# Something I realised



## CuongNhuka (Jul 25, 2009)

I noticed this because of a thread on another forum. That thread was about the best weapon to protect your home with, and it got me thinking about the various self defense schools that teach defense agianst armed attacks, rape attempts, and maybe car jacking. But, how many teach some kind of defense involving your home? 
Thinking off the top of my head, I come up with the idea of a 'layered defense'. A lock, security system (both being used), a dog that'll bark (or bite), putting up security hedges, and so on. Simple, but when I find an add for a self defense school, they hardly ever mention home security. 
And lets go further, why not how to protect you identity? Or Cyber Security? And few of those schools offer classes in first aid.
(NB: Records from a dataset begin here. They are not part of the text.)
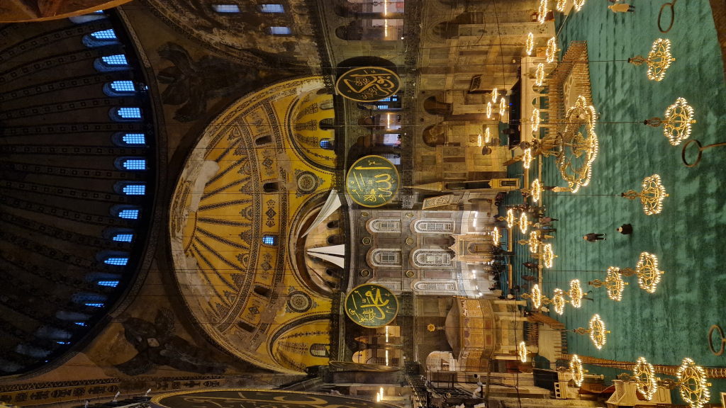 Die Hagia Sophia ist das, wofür man keine Worte findet — und trotzdem versucht man es. Kirche, Moschee, Museum, wieder Moschee. Die Kuppel schwebt. Die Kronleuchter hängen tief. Der grüne Teppich zieht sich durch alles. 1.500 Jahre schauen von oben rauf.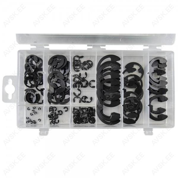 E-clip lukustus rõngasseibid. Enamlevinud mõõdud meetermõõt ja tollmõõt. Plastkarbis. 1.5 mm - 1/16" (15 tk). 3 mm - 1/8" (15 tk). 5 mm- 3/16" (20 tk). 6 mm - 1/4" (25 tk). 9 mm - 3/8" (25 tk). 12 mm - 1/2" (20 tk). 15 mm - 5/8" (10 tk). 19 mm - 3/4" (10 tk). 22 mm - 7/8" (10 tk).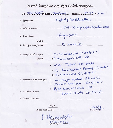 Donated printer and scanner to Z.P.H. School - Kodugal |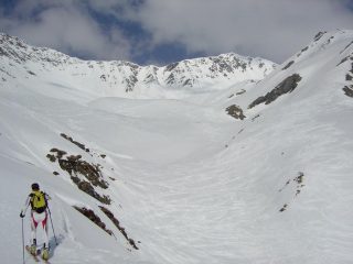 Stamattina alla partenza ci siamo subito resi conto che oggi la neve non sarebbe stata delle migliori causa mancato rigelo notturno.In effetti il firn l’abbiamo visto solo dalla vetta fino ai piedi del colle Malacosta poi man mano che si scendeva diventava sempre più marcia fino a diventare una bella polenta, e non siamo scesi tardi alle ore 11.00 eravamo già in macchina.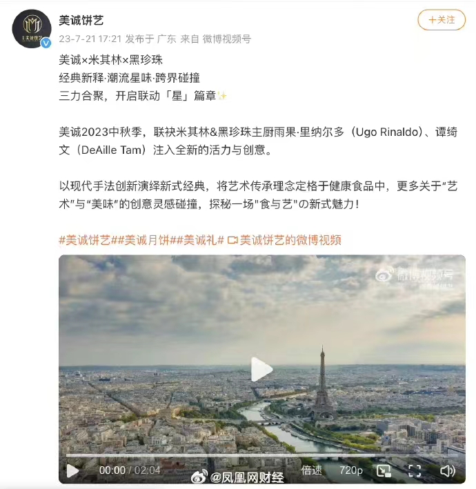 此前有媒体报道,美诚月饼官方微博@美诚饼艺 曾在2023年7月21日宣布与两位米其林主厨达成合作。当时的宣传内容为:美诚2023中秋季,联袂米其林&黑珍珠主厨雨果·里纳尔多(Ugo Rinaldo)、谭绮文(DeAille Tam)注入全新的活力与创意。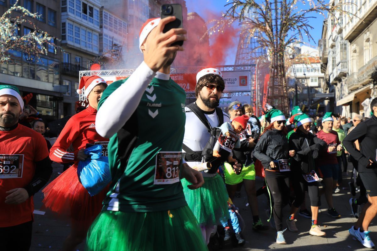 Vigo se despidió del año a la carrera. Miles de personas decidieron participar en la San Silvestre de la ciudad olívica en una jornada en la que acompañó el buen tiempo. Tras el mensaje de Abel Caballero para los miles de participantes de la prueba y la cuenta atrás para su inicio, unos más rápidos que otros tomaron la salida para completar los 4,5 kilómetros del recorrido.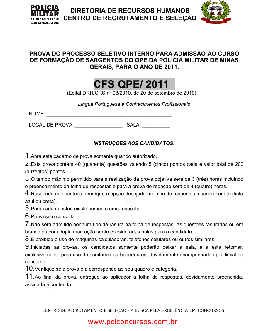 pcimarkpci MDAwMDowMDAwOjAwMDA6MDAwMDowMDAwOmZmZmY6MzZlOTpjMjU5:RnJpLCAxMCBTZXAgMjAyMSAyMTowODoyMiAtMDMwMA== PROVA DO PROCESSO SELETIVO INTERNO PARA ADMISSÃO AO CURSO DE FORMAÇÃO DE SARGENTOS DO QPE DA POLÍCIA MILITAR DE MINAS GERAIS, PARA O ANO DE 2011. CFS QPE/ 2011 (Edital DRH/CRS nº 08/2010, de 20 de setembro de 2010) Língua Portuguesa e Conhecimentos Profissionais INSTRUÇÕES AOS CANDIDATOS: 1.Abra este caderno de prova somente quando autorizado. 2.Esta prova contém 40 (quarenta) questões valendo 5 (cinco) pontos cada e valor total de 200 (duzentos) pontos. 3.O tempo máximo permitido para a realização da prova objetiva será de 3 (três) horas incluindo o preenchimento da folha de respostas e para a prova de redação será de 4 (quatro) horas. 4.Responda as questões e marque a opção desejada na folha de respostas, usando caneta (tinta azul ou preta). 5.Para cada questão existe somente uma resposta. 6.Prova sem consulta. 7.Não será admitido nenhum tipo de rasura na folha de respostas. As questões rasuradas ou em branco ou com dupla marcação serão consideradas nulas para o candidato. 8.É proibido o uso de máquinas calculadoras, telefones celulares ou outros similares. 9.Iniciadas as provas, os candidatos somente poderão deixar a sala, e a esta retornar, exclusivamente para uso de sanitários ou bebedouros, devidamente acompanhados por fiscal do concurso. 10.Verifique se a prova é a corresponde ao seu quadro e categoria. 11.Ao final da prova, entregue ao aplicador a folha de respostas, devidamente preenchida, assinada e conferida. CENTRO DE RECRUTAMENTO E SELEÇÃO – A BUSCA PELA EXCELÊNCIA EM CONCURSOS CONCURSOS . NOME: _____________________________________________ LOCAL DE PROVA: _________________ SALA: __________ DIRETORIA DE RECURSOS HUMANOS CENTRO DE RECRUTAMENTO E SELEÇÃO www.pciconcursos.com.br www.pciconcursos.com.br pcimarkpci MDAwMDowMDAwOjAwMDA6MDAwMDowMDAwOmZmZmY6MzZlOTpjMjU5:RnJpLCAxMCBTZXAgMjAyMSAyMTowODoyMiAtMDMwMA== PROVA DO PROCESSO SELETIVO INTERNO PARA ADMISSÃO AO CFS QPE - 2011 LÍNGUA PORTUGUESA A era das mãos entrelaçadas Envolverde 19 de agosto de 2010 às 11:48h Sentimentos como a angústia nos faz repensar e buscar novos caminhos Por Leonardo Boff Meus artigos sobre a situação ecológica da Terra poderão ter suscitado nos leitores e nas leitoras não poucas angústias. E é bom que assim seja, pois são as angústias que nos tiram da inércia, nos fazem pensar, ler, conversar, discutir e buscar novos caminhos. A tranquilidade em tempos sombrios como os nossos se afigura como uma irresponsabilidade. Cada um e todos devemos agir rápido e juntos porque tudo é urgente. Temos que nos mobilizar para definir um novo rumo à nossa vida neste Planeta, caso quisermos continuar habitando nele. Os tempos de abundância e comodidade pertencem ao passado. O que está ocorrendo não é uma simples crise, mas uma irreversibilidade. A Terra mudou de modo que não tem mais retorno e nós temos que mudar com ela. Começou o tempo da consciência da finitude de todas as coisas, também daquilo que nos parecia mais perene: a persistência da vitalidade da Terra, o equilíbrio da biosfera e a imortalidade da espécie humana. Todas estas realidades estão experimentando um processo de caos. No início ele se apresenta destrutivo, deixando cair tudo que é acidental e meramente agregado, mas em seguida, se revela criativo, dando forma nova ao que é perene e essencial para a vida. Até agora vivíamos sob a era do punho cerrado para dominar, subjugar e destruir. Agora começa a era da mão estendida e aberta para se entrelaçar com outras mãos e, na colaboração e na solidariedade, construir “o bem viver comunitário” e o bem comum da Terra e da humanidade. Adeus ao inveterado individualismo e bem-vinda a cooperação de todos com todos. Como os astrofísicos e os cosmólogos nos asseguram, o universo está ainda em gênese, em processo de expansão e de auto-criação. Há uma Energia de Fundo que subjaz a todos os eventos, sustenta cada ser e ordena todas as energias para frente e para cima rumo a formas cada vez mais complexas e conscientes. Nós somos uma emergência criativa dela. Ela está sempre em ação mas se mostra especialmente ativa em momentos de crise sistêmica quando se acumulam as forças para provocar rupturas e possibilitar saltos de qualidade. É então que ocorrem as “emergências”: algo novo, ainda não existente mas contido nas virtualidades do Universo. Estimo que estamos às portas de uma destas “emergências”: a noosfera (mentes e corações unidos), a fase planetária da consciência e a unificação da espécie humana, reunida na mesma Casa Comum, o planeta Terra. Então, nos identificaremos como irmãos e irmãs que se sentam juntos à mesa, para conviver, comer, beber e desfrutar dos frutos da Mãe Terra, depois de haver trabalhado de forma cooperativa e respeitando a natureza. Confirmaremos assim o que disse o filósofo do Princípio Esperança, Ernst Bloch:”o gênesis não está no começo mas no fim”. CENTRO DE RECRUTAMENTO E SELEÇÃO – A BUSCA PELA EXCELÊNCIA EM CONCURSOS 2 www.pciconcursos.com.br www.pciconcursos.com.br pcimarkpci MDAwMDowMDAwOjAwMDA6MDAwMDowMDAwOmZmZmY6MzZlOTpjMjU5:RnJpLCAxMCBTZXAgMjAyMSAyMTowODoyMiAtMDMwMA== PROVA DO PROCESSO SELETIVO INTERNO PARA ADMISSÃO AO CFS QPE - 2011 Faço minhas as palavras do pai da ecologia norte-americana, o antropólogo das culturas e teólogo Thomas Berry: “Não nos faltarão nunca as energias necessárias para forjar o futuro. Vivemos, na verdade, imersos num oceano de Energia, maior do que podemos imaginar. Esta Energia nos pertence, não pela via da dominação mas pela via da invocação”. Temos que invocar esta Energia de Fundo. Ela sempre está ai, disponível. Basta abrir- se a ela com a disposição de acolhê-la e de fazer as transformações que ela inspira. Pelo fato de ser uma Energia benfazeja e criadora, ela nos permite p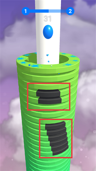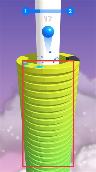 2、操控蓝色球向下掉落,击碎红色框内的黄色和绿色堆栈层,积累分数。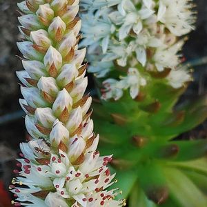 気温が下がって色付いてきました! ① 花は下から咲いていきます ② ㊤部分 ③ ㊦部分 ④ まだ咲く年齢でない子株たちは 紅葉しています🍁 ⑤ 子株でぎっちぎち (○´∀`人´∀`○)ギュー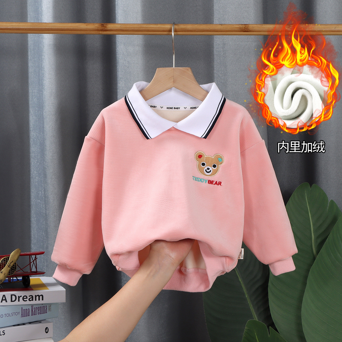 Children's sweater boys and girls casual tops girls all-match fashion thick T-shirt Western style net red children's clothing plus velvet sweater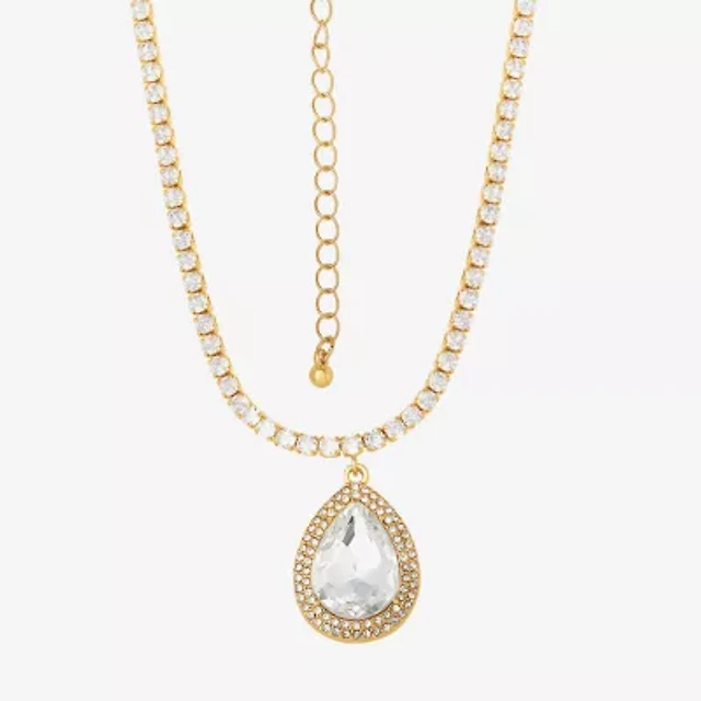 JS Jessica Simpson Gold Tone Womens Glass Alloy 15 Inch Pendant Necklace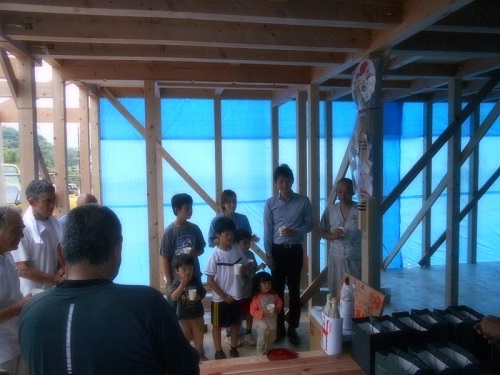 家屋の守護神と大工の神を祀って、棟上げを無事に終えられたことに感謝するとともに最後まで工事の安全を祈る儀式を行いました。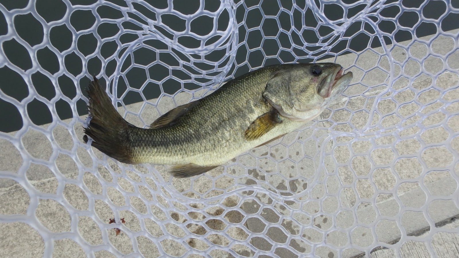 これも30cmぐらい。ルアーはトルキーストレート4.8inchのネコリグ。久々にトルキーストレートで釣った。久々だったが、やっぱ使い易いワームだと思った。釣った個体は元気のいいヤツだった。護岸際ではなく沖で釣れた。なるほど今日はディープに落ちているのかと思ってその後沖に投げて釣っていたが、その後は反応なし。移動する。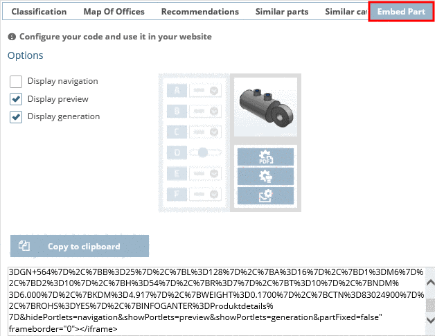 Generated parts available for download. See Section 5.12, “How can I import the selected CAD model into the CAD system?”. |

I've never run into a self defense school that dealt with maintianing a road side kit.

Why do so few self defense schools touch on these things?


----------



## Andy Moynihan (Jul 25, 2009)

Because only up until the last decade or so, most people outside the law enforcement community just didn't have the first clue.

The things you list are all considered "standard" on the list for anyone who knows what the hell they're talking about where "self defense" is concerned, but up till very recently only the "top 1%" ever made the distinction between "self defense" and "martial arts".  They're distant cousins, not identical twins.


----------



## Bikewr (Jul 25, 2009)

You make a good point.   Outside the martial-arts field, some folks like Masaad Ayoob have been incorporating the legalities of defense into their training; again something that few MA schools address.

Such information should indeed be part of any realistic "self-defense" course.

Unfortunately, it would be hard to find an instructor fluent in all these different aspects of security.


----------



## jks9199 (Jul 25, 2009)

A lot also depends on the goal of training.  In the US, martial arts and personal self defense have been about being able to handle combat, often one-on-one personal combat and attacks.  In the last couple of decades, the popular focus has shifted heavily into "family activity", children's programs, and competition.

Like so many areas of life, we've drawn an artificial distinction between physical security issues, personal security issues, and other areas like legal defenses.


----------



## Deaf Smith (Jul 25, 2009)

Most martial arts are just that, arts. And thus they almost never get involved in topics other than technique and general philosophy. They admonish not to get involved in fights and that's about it.

Reality based schools, which are rather a new concept, go deep into the legalities as well as scenarios using actual case studies. Their techniques do not have the finesse of a martial arts school, but what they lack they make up for in practicality.

Haply more and more schools are starting to see there are people who do want plain self defense and not the 'do' that normally goes with it. Special classes just for SD. The only trouble is this: They cannot pontificate on the law least they get charged with *practicing law without a license*.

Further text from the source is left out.